Doch alles der Reihe nach, denn wie bei jeder Keynote hat Apple erst einmal die jüngere Vergangenheit sowie erreichte Erfolge Revue passieren lassen. Gerade mit dem Blick auf den April, wenn der Konzern sein 40 jähriges Jubiläum feiern kann – ohne Mitgründer und langjährigen CEO Steve Jobs.

Jedenfalls zeigte sich der amtierende CEO Tim Cook höchst zufrieden, denn mittlerweile befinden sich über 1 Milliarde iOS-Geräte auf dem Markt. Mehr als 20 Prozent des gesamten Marktes, wo man Apple wirklich Respekt zollen kann.

Außerdem bekräftigte Cook noch einmal, dass man in der Sicherheitsfrage nicht von seiner Position der letzten Wochen abweichen werde. Sprich, man werde niemals freiwillig die Verschlüsselung von iOS wissentlich mit einer Hintertür versehen.
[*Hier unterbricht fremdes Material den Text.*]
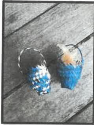
Rajah 8: Bekas telur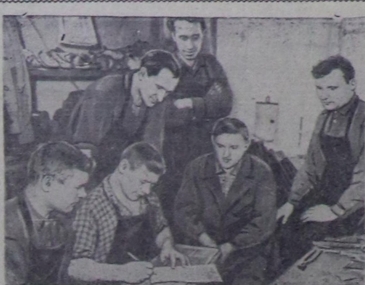
Кызылдын алгы заводунда эш Гавриченкога уурдугач идик дааражыларынчир бригаданы коммунисттик күш-ажылдын бригаданы деп ат дөш демисешпишкан, бедик көргүзүлгелерин чедип ап турар. Бригада хүнүн онаалдын үргүлүчү 140—150 хуу күөсөдип турар.

Бо чылдан эгелеш камгалал төлөвилелринчир түч садып амыр өртөө биле дөңдөөргө, чикке-биле дүжүтүң өртөөнчир 40 хуузуң депчеленге доктаатынган. Ынчаарга дүжүтүң кайда-ла ортумуктан өрү болур, мында 1 гага камгалал төлөвилелинчир өртөө бедик кылдыр доктаатынган. Чижээ, бедик дүжүтүң ап турар Чаа-Хөл районга 1 га кызыл-тастың камгалал өртөө—500 рубль кемчээлге, а чангыс дүжүтүң ап турар Тес-Хем районга—чүтлө 160 рубль кемчээлге доктаатынган.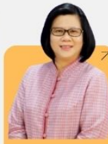
ศ.ดร. จกาทพร น่วนวณนา มหาวิทยาลัยมหิดล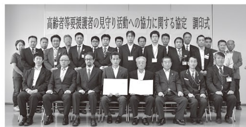
笠間市と市内外の36事業者が見守り協定を締結

今後ますます安否確認が必要な高齢者等が増加する中、笠間市では地域に根ざした活動をする事業所にご協力をいただき、安心して暮らせる地域づくりを進めていきます。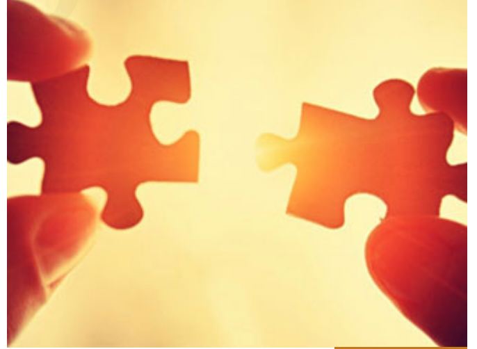
الصبر والتقوى متلازمان

فالصبر والتقوى متلازمان، فالصيام مدرسة للروح في الصبر، نحن عندما نترك الطعام والشراب في نهار رمضان إنما نترك ذلك مختارين، لكننا نعلم أن هناك من ترك الطعام والشراب في رمضان وغيره مضطراً لا مختاراً؛ لأنه لا يجد ما يأكله، فنشعر بالفقراء، ونتعلم في مدرسة الصبر أن نصبر على كل شيء، "الصبر مطية لا تكبو" كان عمر رضي الله عنه يقول: "وجدنا خير عيشنا في الصبر" لم يقل في حالة الرخاء، وإنما في حالة الشدة، عندما كانوا يُسامون سوء العذاب في مكة كانوا يجدون خير عيشهم؛ لأن الصبر مرتبة راقية جداً، لا يعرفها إلا المخلصون العالمون: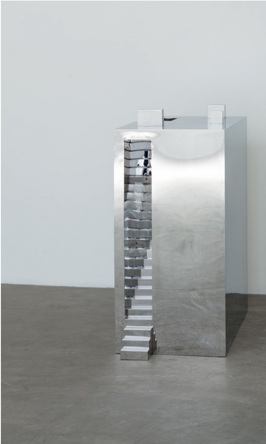
Not Vital, House to Watch the Sunset in Lamu (2013) Stainless steel

A tiny room hosts the photographic documentation of the artist's sculpture/architecture between Niger and Patagonia. Here function doesn't count if everything is about volumes, extracted or expanded. Confirmation comes from the steel model of House to Watch the Sunset in Lamu (2013). You cannot write about Not Vital without

Ein starkes Wort, steht morgen immerhin eine Anhörung vor Gericht im Fall gegen das FBI (zum Beitrag) für Apple auf der Agenda.

Apple iPhone SE

Doch das Highlight des gestrigen Abends dürfte ohne Zweifel das neue iPhone SE sein, wie es nun tatsächlich offiziell heißt. Manch einer würde ja behaupten, dass Apple einfach nur das Gehäuse des iPhone 5s verwendet und aktuellere Technik einbaut. Denn: Es sieht wirklich aus wie das besagte Modell von 2013.

Im Inneren sieht die Sache allerdings gänzlich anders aus, denn mit dem Apple A9 hat das neue iPhone SE denselben leistungsfähigen Dual-Core-Prozessor wie das iPhone 6s. Selbst die 12 Megapixel auflösende neue iSight Kamera inklusive TrueTone LED-Blitz auf der Rückseite ist in dem Winzling verbaut. Selbst der Touch ID Sensor in der Home-Taste und der Lightning-Anschluss haben Platz gefunden.

Einzige Veränderung gegenüber dem aktuellen Top-Modell Apples ist das 4 Zoll große Display mit 1.136 x 640 Pixel Auflösung – ohne 3D Touch, denn das bleibt auch weiterhin dem iPhone 6s sowie iPhone 6s Plus vorbehalten.
Der Vergleich, dass das iPhone SE lediglich ein geschrumpftes iPhone 6s im Gehäuse des iPhone 5s ist, lässt sich beim besten Willen nicht leugnen.

Apple iPad Pro

Die zweite große Neuheit des Abends war das ebenfalls im Vorfeld spekulierte iPad Pro mit 9,7 Zoll großen Display, welches quasi das iPad Air 3 ersetzt. Allerdings verzichtet der Konzern auf den Namenszusatz „mini“, was durchaus ei wenig Verwirrung verursachen könnte.

Auch hier lässt sich wieder sagen, dass es das originale iPad Pro mit 12,9 Zoll Display im Kleinformat ist. Denn auch mit Apple A9X, dem Apple Pencil als optionales Zubehör, den vier Lautsprechern im Gehäuse namens „Audio Pro“ und dem Smart Connector für ein Tastatur-Dock hat Apple übernommen.

Neu ist allerdings, dass die iSight Kamera mit 12 Megapixel auflöst und ein LED-Blitzlicht besitzt. Eine Premiere im iPad allgemein.
Aber auch die neue Speicher-Option mit ganzen 256 GB ist neu, die es auch für das große Pro-Tablet gibt, womit das iPad-Lineup in der Pro-Version durchgängig 256 GB internen Speicher besitzt.

iOS 9.3 und Mac OS X 10.11.4 ab sofort verfügbar

Neben den beiden neuen Geräten hat Apple zugleich auch den Start des neusten iOS-Updates bekannt gegeben, womit iPhone, iPad und iPod Touch auf iOS 9.3 aktualisiert werden.

Die größten Neuerungen umfassen Verbesserungen für den Einsatz in Schulklassen beziehungsweise vielmehr Unterstützung für mehrere Nutzerkonten auf ein und demselben Gerät (zum Beitrag) sowie der Nachtmodus, welcher bei Aktivierung den Anteil von Blaulicht deutlich reduziert.
Interessant ist, dass der Nachtmodus ausschließlich auf Geräten mit einem 64-Bit fähigen Apple A7 Prozessor oder neuer funktioniert.

Notizen lassen sich außerdem nun per Touch ID vor den Augen Dritter schützen und lassen sich nach Datum oder Dateinamen neu sortieren. Außerdem gibt es für iPhone 6s und iPhone 6s Plus neue App-Unterstützung im Bereich 3D Touch.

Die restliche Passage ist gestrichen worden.